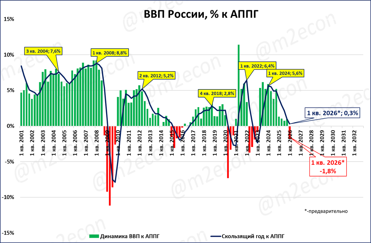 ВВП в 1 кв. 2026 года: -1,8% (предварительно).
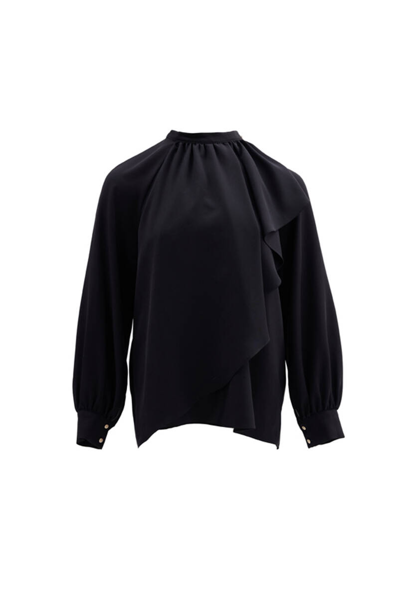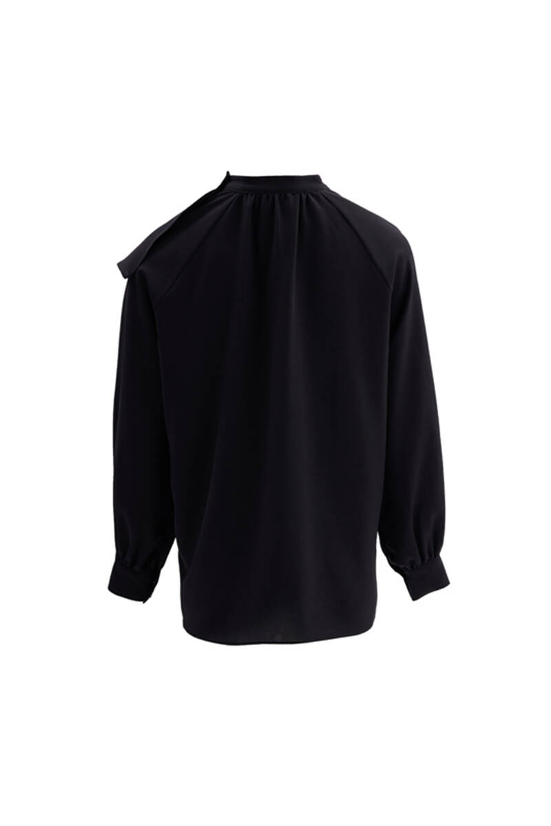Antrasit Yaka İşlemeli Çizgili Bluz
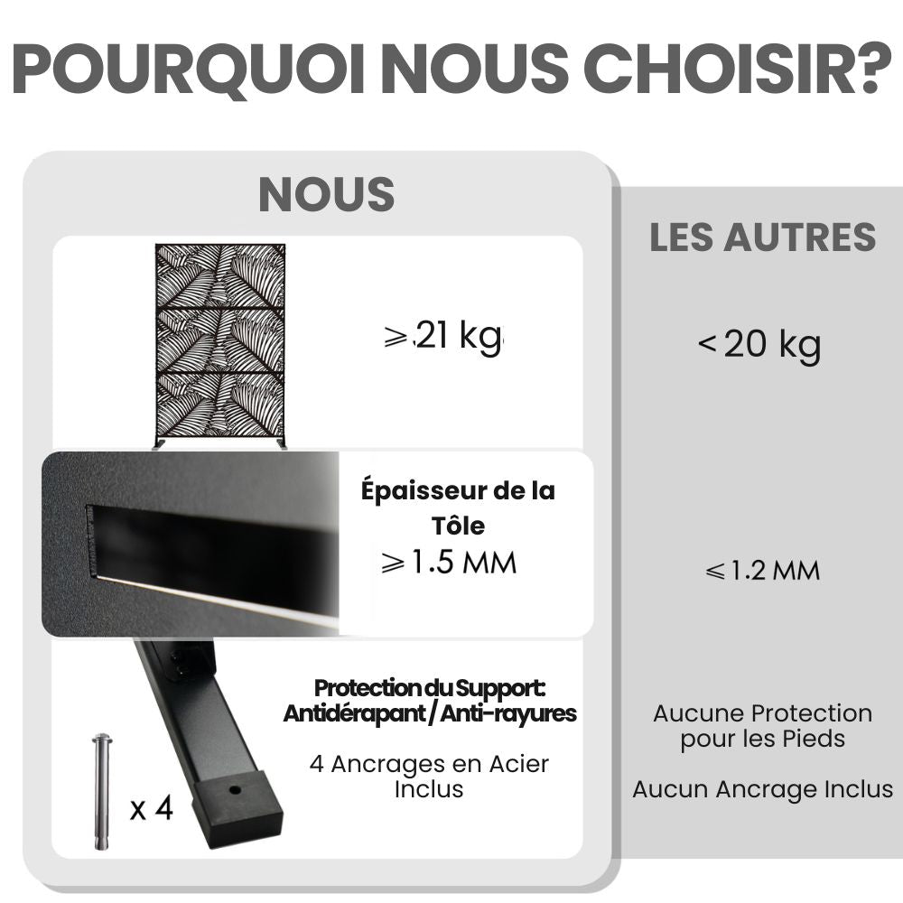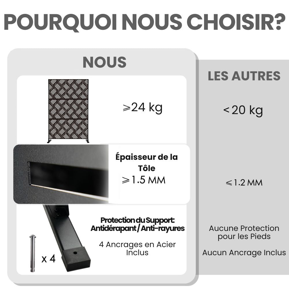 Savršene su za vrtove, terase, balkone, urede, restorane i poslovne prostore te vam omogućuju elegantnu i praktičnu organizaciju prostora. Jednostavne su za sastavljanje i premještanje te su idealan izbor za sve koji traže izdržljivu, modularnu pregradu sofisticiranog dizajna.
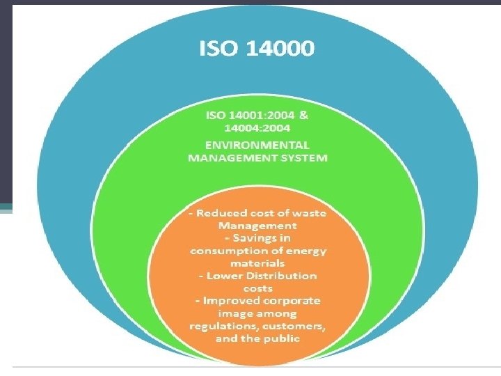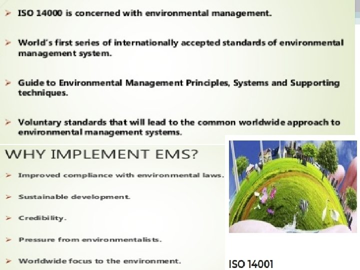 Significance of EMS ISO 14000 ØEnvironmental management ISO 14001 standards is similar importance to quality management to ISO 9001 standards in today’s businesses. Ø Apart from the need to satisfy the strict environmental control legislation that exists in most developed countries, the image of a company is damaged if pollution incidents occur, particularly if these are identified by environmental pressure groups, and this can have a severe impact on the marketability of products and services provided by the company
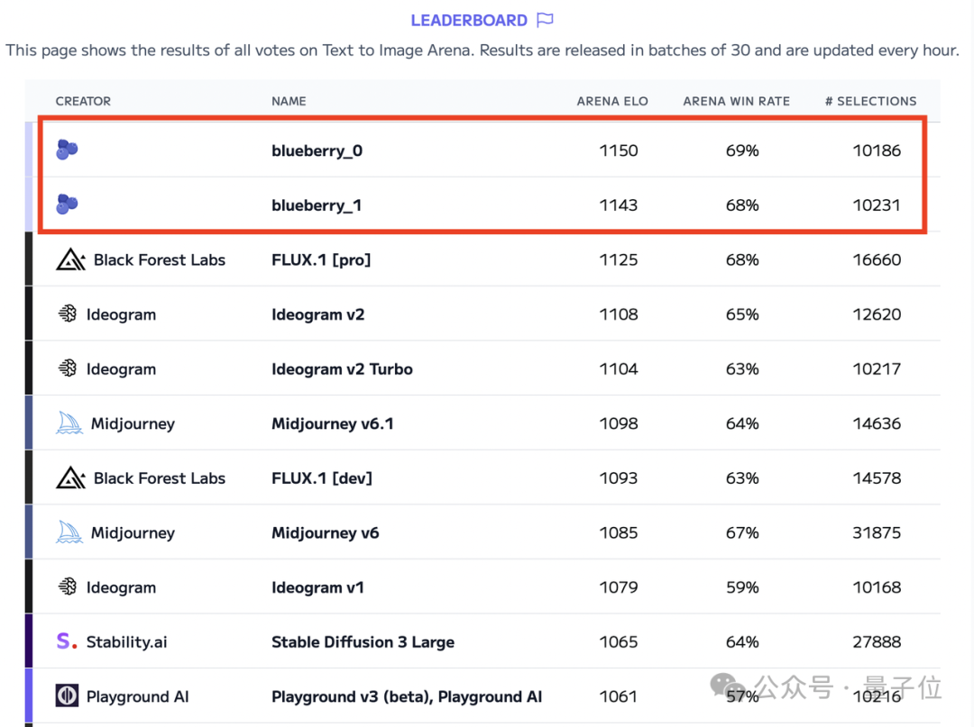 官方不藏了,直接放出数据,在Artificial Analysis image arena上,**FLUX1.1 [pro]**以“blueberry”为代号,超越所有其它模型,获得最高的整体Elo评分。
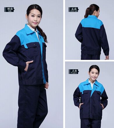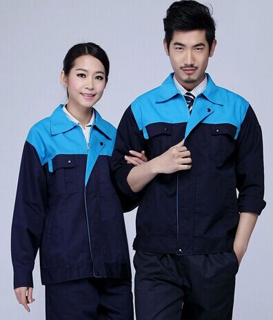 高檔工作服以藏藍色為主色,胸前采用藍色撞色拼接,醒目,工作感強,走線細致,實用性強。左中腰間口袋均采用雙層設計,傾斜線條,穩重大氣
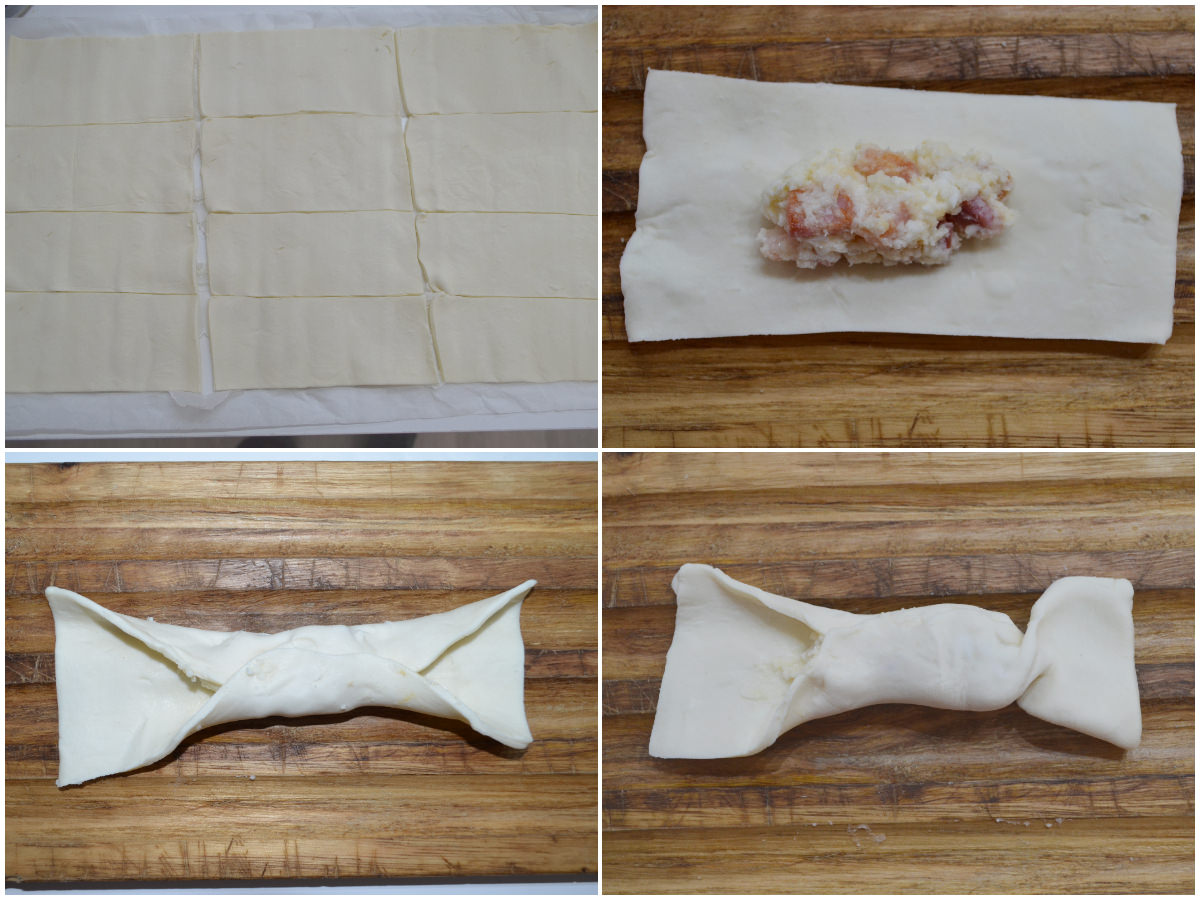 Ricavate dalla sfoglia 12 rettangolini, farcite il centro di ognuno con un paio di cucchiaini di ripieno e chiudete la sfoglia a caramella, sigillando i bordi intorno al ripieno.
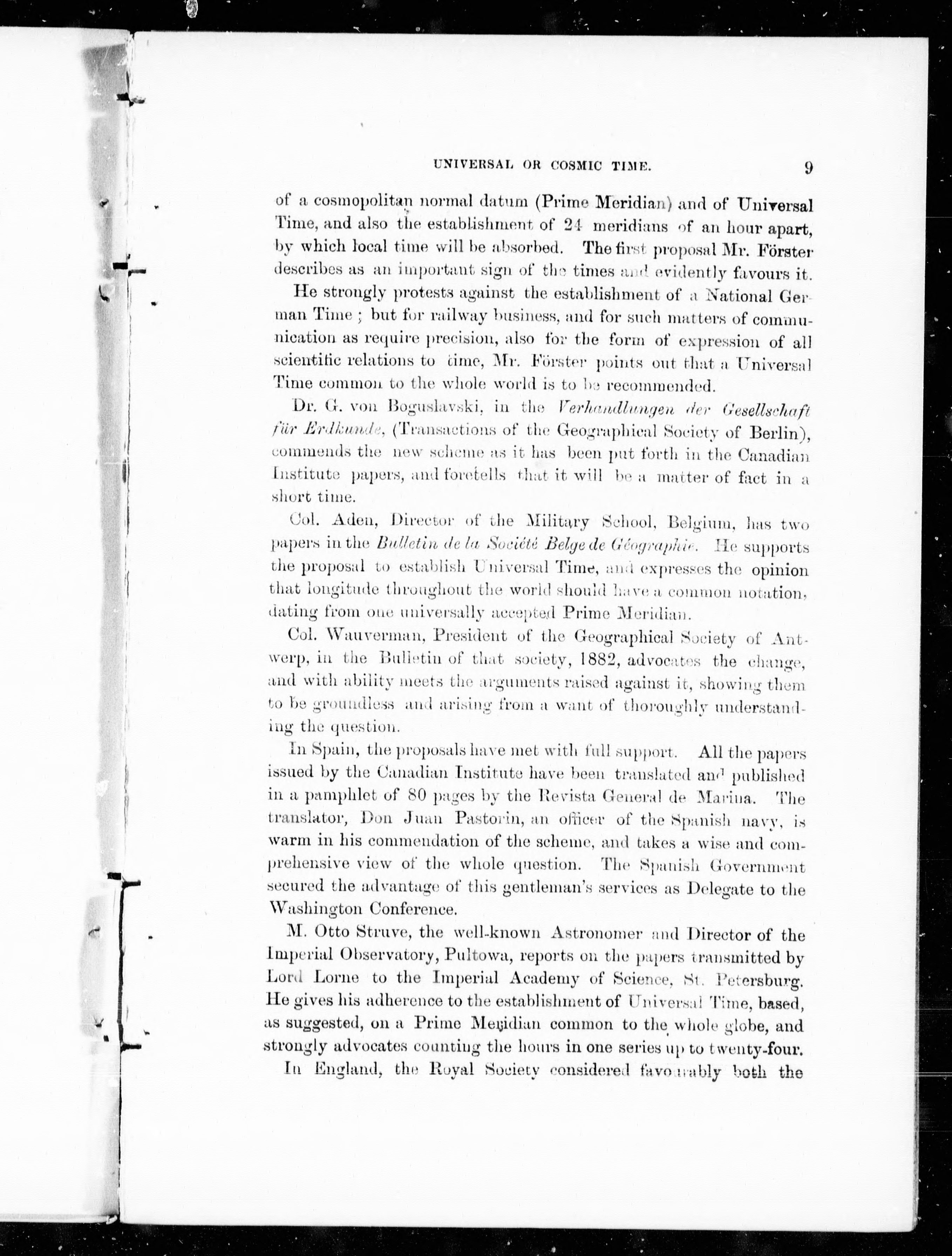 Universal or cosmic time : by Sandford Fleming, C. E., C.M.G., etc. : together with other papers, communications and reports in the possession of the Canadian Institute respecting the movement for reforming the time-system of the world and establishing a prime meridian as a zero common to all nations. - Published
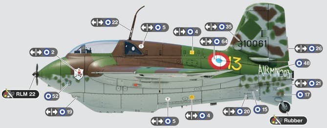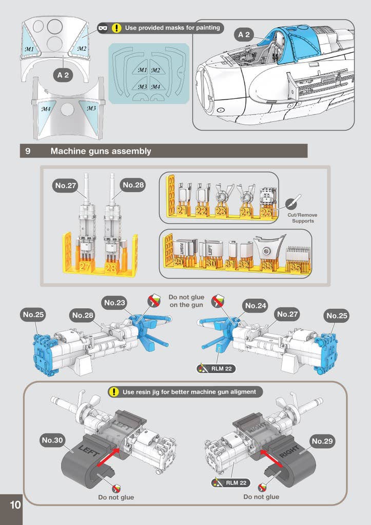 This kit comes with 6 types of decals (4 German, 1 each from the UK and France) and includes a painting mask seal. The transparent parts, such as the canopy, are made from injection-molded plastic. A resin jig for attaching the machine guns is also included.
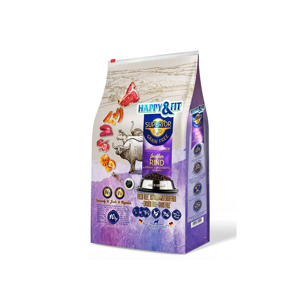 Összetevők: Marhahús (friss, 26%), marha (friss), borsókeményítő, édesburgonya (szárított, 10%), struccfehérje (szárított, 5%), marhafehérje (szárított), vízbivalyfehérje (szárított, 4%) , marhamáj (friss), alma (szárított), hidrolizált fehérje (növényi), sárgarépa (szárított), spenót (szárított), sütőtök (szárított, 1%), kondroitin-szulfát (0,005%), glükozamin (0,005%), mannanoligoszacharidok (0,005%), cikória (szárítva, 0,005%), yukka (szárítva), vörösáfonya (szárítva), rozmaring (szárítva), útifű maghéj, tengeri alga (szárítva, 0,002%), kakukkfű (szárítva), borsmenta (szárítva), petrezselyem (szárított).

§ Exercise requirements: Only one stretch of the material above is wanted: the line containing "Significance of EMS" through the line containing "This kit comes". Restate it word for word, minus the pictures.

§ Result of this task:
 Significance of EMS ISO 14000 ØEnvironmental management ISO 14001 standards is similar importance to quality management to ISO 9001 standards in today’s businesses. Ø Apart from the need to satisfy the strict environmental control legislation that exists in most developed countries, the image of a company is damaged if pollution incidents occur, particularly if these are identified by environmental pressure groups, and this can have a severe impact on the marketability of products and services provided by the company
 官方不藏了,直接放出数据,在Artificial Analysis image arena上,**FLUX1.1 [pro]**以“blueberry”为代号,超越所有其它模型,获得最高的整体Elo评分。
 高檔工作服以藏藍色為主色,胸前采用藍色撞色拼接,醒目,工作感強,走線細致,實用性強。左中腰間口袋均采用雙層設計,傾斜線條,穩重大氣
 Ricavate dalla sfoglia 12 rettangolini, farcite il centro di ognuno con un paio di cucchiaini di ripieno e chiudete la sfoglia a caramella, sigillando i bordi intorno al ripieno.
 Universal or cosmic time : by Sandford Fleming, C. E., C.M.G., etc. : together with other papers, communications and reports in the possession of the Canadian Institute respecting the movement for reforming the time-system of the world and establishing a prime meridian as a zero common to all nations. - Published
 This kit comes with 6 types of decals (4 German, 1 each from the UK and France) and includes a painting mask seal. The transparent parts, such as the canopy, are made from injection-molded plastic. A resin jig for attaching the machine guns is also included.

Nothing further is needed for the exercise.